◆ TASK OBJECTIVE ◆
Leave the images out and write out each entry exactly as shown.
:: RECORDS SUPPLIED
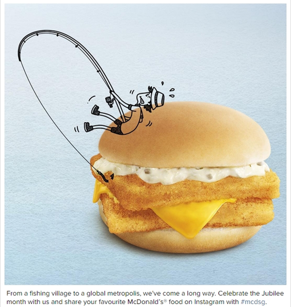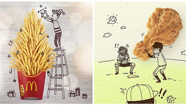 最近,新加坡的麦当劳通过Instagram晒出了一系列萌趣化的麦当劳食品:薯条组成了烟花、苹果派变身小猫、还有坐在汉堡上钓鱼的漫画小人。麦当劳还鼓励用户自己创作涂鸦作品,并在社交网络上晒出来。
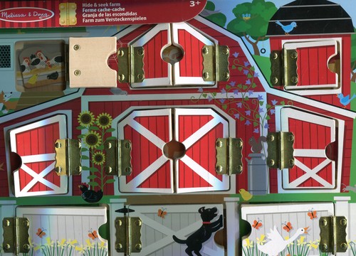 Drewniana makieta domu oraz miejsc wokół domu, którego tajemnice są strzeżone przez dziewięć drzwi, otwieranych przez odchylenie na zawiasach, nie ma tutaj żadnych zamków. Maluch koniecznie chce zajrzeć, co znajduje się za drzwiami. Jak się okazuje, po otwarciu, we wnęce mieszka jakieś zwierzątko. Dzięki magnesowi nie wypada ze swojego miejsca, zabawka może być również trzymana w pozycji pionowej. Ta gra pomaga w zdolnościach manualnych, ćwiczeniu małej motoryki, może być to też zabawa typu ,,memo""dla starszych dzieci, nauka zapamiętania, gdzie które zwierzątko mieszka.
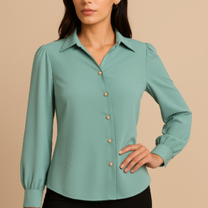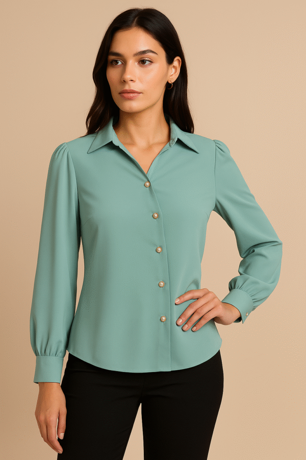 Step into effortless sophistication with our Serene Luxe Button-Down, a versatile wardrobe essential designed for the modern woman. Featuring a sleek silhouette, gold-tone buttons, and a soft drape, this shirt transitions seamlessly from boardroom meetings to sunset gatherings. The refined collar, clean lines, and rich pastel hues exude understated luxury, making it perfect for both professional and casual-chic ensembles.
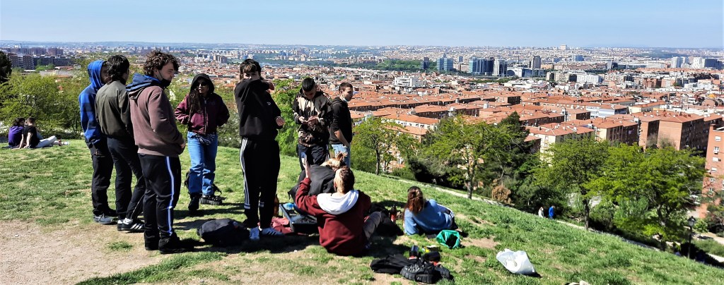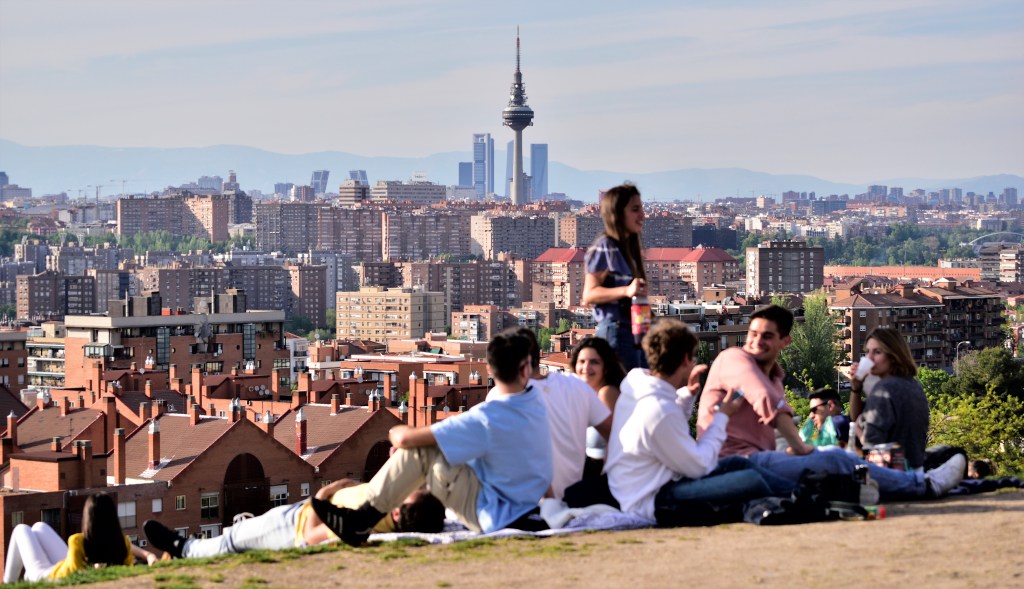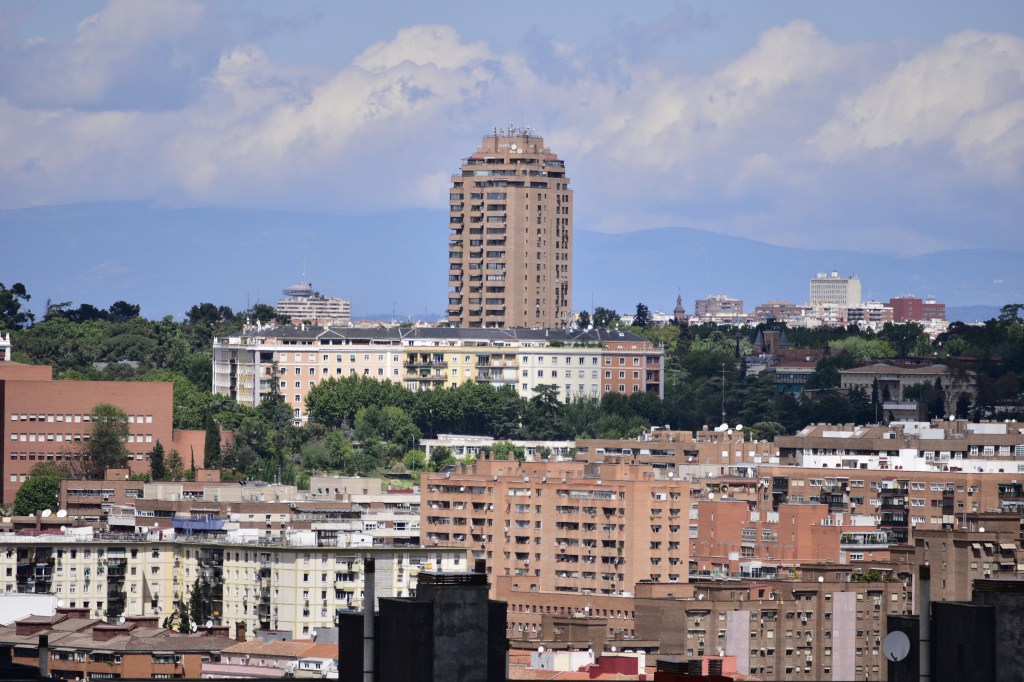 Ahora es el paseo, la merienda, el beso, aquí donde se juntan los caminos, el baile que agita los cuerpos al son de una orquestina improvisada, ritmos de aquí, échate un bailesito, de allá, nadie te pregunta tu origen. El caserón manchego, al fondo el Guadarrama, las cinco torres, cinco, de Castellana, el Pirulí, el hospital Gómez Ulla —Eduardo Torroja lo reconstruyó—, la estación de Atocha, las torres de Plaza de España —de los hermanos Otamendi Machimbarrena—, el edificio de Telefónica —de Ignacio Cárdenas Pastor—, Torres Blancas —Sáenz de Oiza—, la torre del Retiro —de Luis Gutiérrez Soto—, el “brutalismo” de la Torre de Valencia —Javier Carvajal, su autor— asomándose sobre la masa verde del Retiro. La arquitectura, el urbanismo, la enredadera de Madrid capital dibujada en perspectiva axonométrica sobre el tablero de la vida… el cariño que te tengo no te lo puedo negar, se me sale la babita, yo no lo puedo evitar. Y la tarde llenando los tejados de oro, rojo y azul. El parque de las siete tetas, una atalaya, aquí no hay playa, los puntos cardinales, la caricia, el abrazo, la risa, los amigos de aquí, de allí, del otro lado del mundo rematando el domingo con una mahou, la espuma blanqueándome los bigotes, tus besos robados me adecentan los labios. La ruleta elige tu futuro. No somos más que el capricho del destino. Madrid a mis pies.
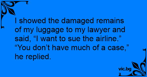 I showed the damaged remains of my luggage to my lawyer and said, “I want to sue the airline.”
::::
◆ RESULT OF THIS EXERCISE ◆
 最近,新加坡的麦当劳通过Instagram晒出了一系列萌趣化的麦当劳食品:薯条组成了烟花、苹果派变身小猫、还有坐在汉堡上钓鱼的漫画小人。麦当劳还鼓励用户自己创作涂鸦作品,并在社交网络上晒出来。
 Drewniana makieta domu oraz miejsc wokół domu, którego tajemnice są strzeżone przez dziewięć drzwi, otwieranych przez odchylenie na zawiasach, nie ma tutaj żadnych zamków. Maluch koniecznie chce zajrzeć, co znajduje się za drzwiami. Jak się okazuje, po otwarciu, we wnęce mieszka jakieś zwierzątko. Dzięki magnesowi nie wypada ze swojego miejsca, zabawka może być również trzymana w pozycji pionowej. Ta gra pomaga w zdolnościach manualnych, ćwiczeniu małej motoryki, może być to też zabawa typu ,,memo""dla starszych dzieci, nauka zapamiętania, gdzie które zwierzątko mieszka.
 Step into effortless sophistication with our Serene Luxe Button-Down, a versatile wardrobe essential designed for the modern woman. Featuring a sleek silhouette, gold-tone buttons, and a soft drape, this shirt transitions seamlessly from boardroom meetings to sunset gatherings. The refined collar, clean lines, and rich pastel hues exude understated luxury, making it perfect for both professional and casual-chic ensembles.
 Ahora es el paseo, la merienda, el beso, aquí donde se juntan los caminos, el baile que agita los cuerpos al son de una orquestina improvisada, ritmos de aquí, échate un bailesito, de allá, nadie te pregunta tu origen. El caserón manchego, al fondo el Guadarrama, las cinco torres, cinco, de Castellana, el Pirulí, el hospital Gómez Ulla —Eduardo Torroja lo reconstruyó—, la estación de Atocha, las torres de Plaza de España —de los hermanos Otamendi Machimbarrena—, el edificio de Telefónica —de Ignacio Cárdenas Pastor—, Torres Blancas —Sáenz de Oiza—, la torre del Retiro —de Luis Gutiérrez Soto—, el “brutalismo” de la Torre de Valencia —Javier Carvajal, su autor— asomándose sobre la masa verde del Retiro. La arquitectura, el urbanismo, la enredadera de Madrid capital dibujada en perspectiva axonométrica sobre el tablero de la vida… el cariño que te tengo no te lo puedo negar, se me sale la babita, yo no lo puedo evitar. Y la tarde llenando los tejados de oro, rojo y azul. El parque de las siete tetas, una atalaya, aquí no hay playa, los puntos cardinales, la caricia, el abrazo, la risa, los amigos de aquí, de allí, del otro lado del mundo rematando el domingo con una mahou, la espuma blanqueándome los bigotes, tus besos robados me adecentan los labios. La ruleta elige tu futuro. No somos más que el capricho del destino. Madrid a mis pies.
 I showed the damaged remains of my luggage to my lawyer and said, “I want to sue the airline.”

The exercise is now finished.